EXERCISE DESCRIPTION. Nothing but the lines below from the one holding "2、硬質(zhì)合金和多塊" up to and including the one holding "blurry, white dress" should be copied, exactly and without pictures.

GIVEN ENTRIES.
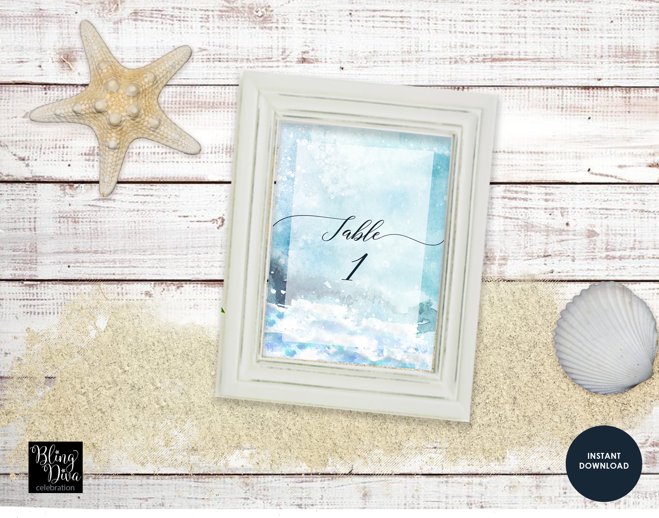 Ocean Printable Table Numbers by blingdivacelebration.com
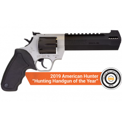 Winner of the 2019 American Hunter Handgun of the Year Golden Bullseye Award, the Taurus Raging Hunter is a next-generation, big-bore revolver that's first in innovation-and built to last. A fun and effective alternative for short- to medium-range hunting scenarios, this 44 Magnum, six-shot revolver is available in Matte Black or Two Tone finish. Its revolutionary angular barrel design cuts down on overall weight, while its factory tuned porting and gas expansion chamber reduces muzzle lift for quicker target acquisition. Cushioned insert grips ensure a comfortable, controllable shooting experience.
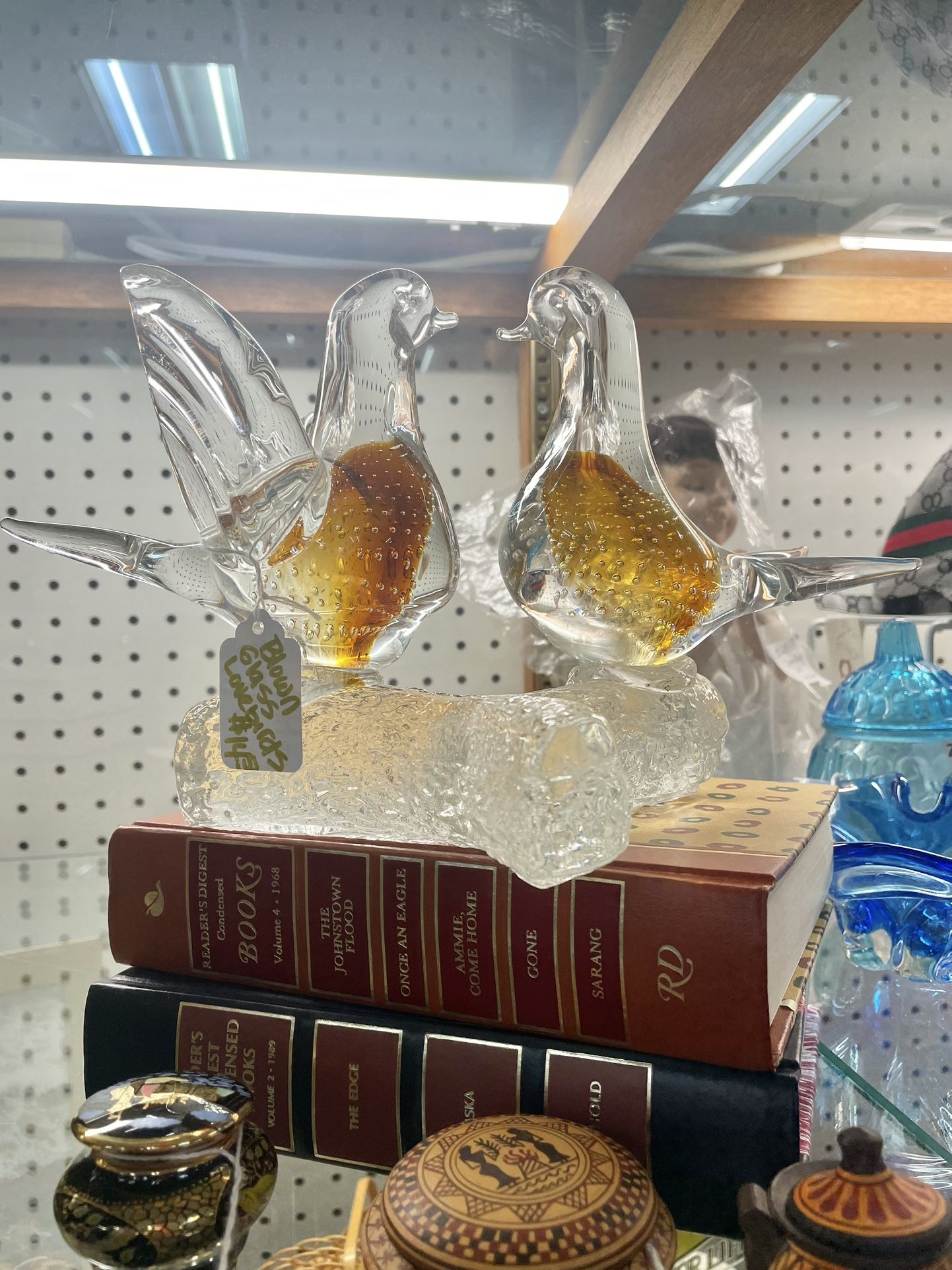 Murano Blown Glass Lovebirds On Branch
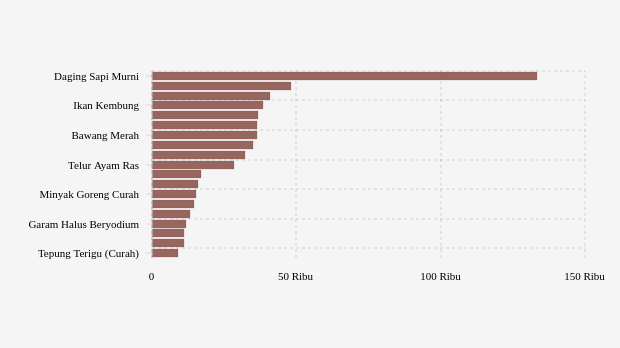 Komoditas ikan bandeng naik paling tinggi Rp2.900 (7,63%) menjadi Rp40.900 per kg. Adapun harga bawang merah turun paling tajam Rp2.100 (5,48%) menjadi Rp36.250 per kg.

--

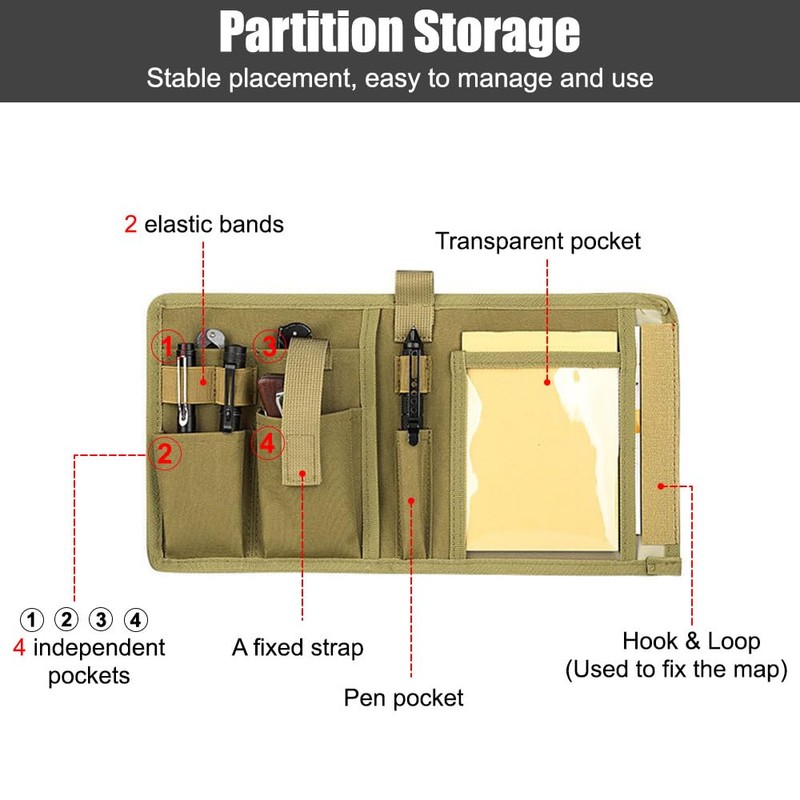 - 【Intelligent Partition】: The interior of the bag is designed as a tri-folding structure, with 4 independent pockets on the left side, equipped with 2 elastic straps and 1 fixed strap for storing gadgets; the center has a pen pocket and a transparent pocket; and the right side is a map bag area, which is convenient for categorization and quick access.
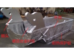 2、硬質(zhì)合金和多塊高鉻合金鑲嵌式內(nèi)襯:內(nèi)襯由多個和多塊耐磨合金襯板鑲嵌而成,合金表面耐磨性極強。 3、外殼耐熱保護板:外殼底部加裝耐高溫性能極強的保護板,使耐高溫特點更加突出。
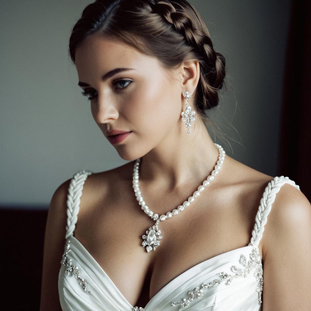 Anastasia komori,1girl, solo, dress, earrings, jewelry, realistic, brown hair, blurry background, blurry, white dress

EXERCISE SOLUTION.
 2、硬質(zhì)合金和多塊高鉻合金鑲嵌式內(nèi)襯:內(nèi)襯由多個和多塊耐磨合金襯板鑲嵌而成,合金表面耐磨性極強。 3、外殼耐熱保護板:外殼底部加裝耐高溫性能極強的保護板,使耐高溫特點更加突出。
 Anastasia komori,1girl, solo, dress, earrings, jewelry, realistic, brown hair, blurry background, blurry, white dress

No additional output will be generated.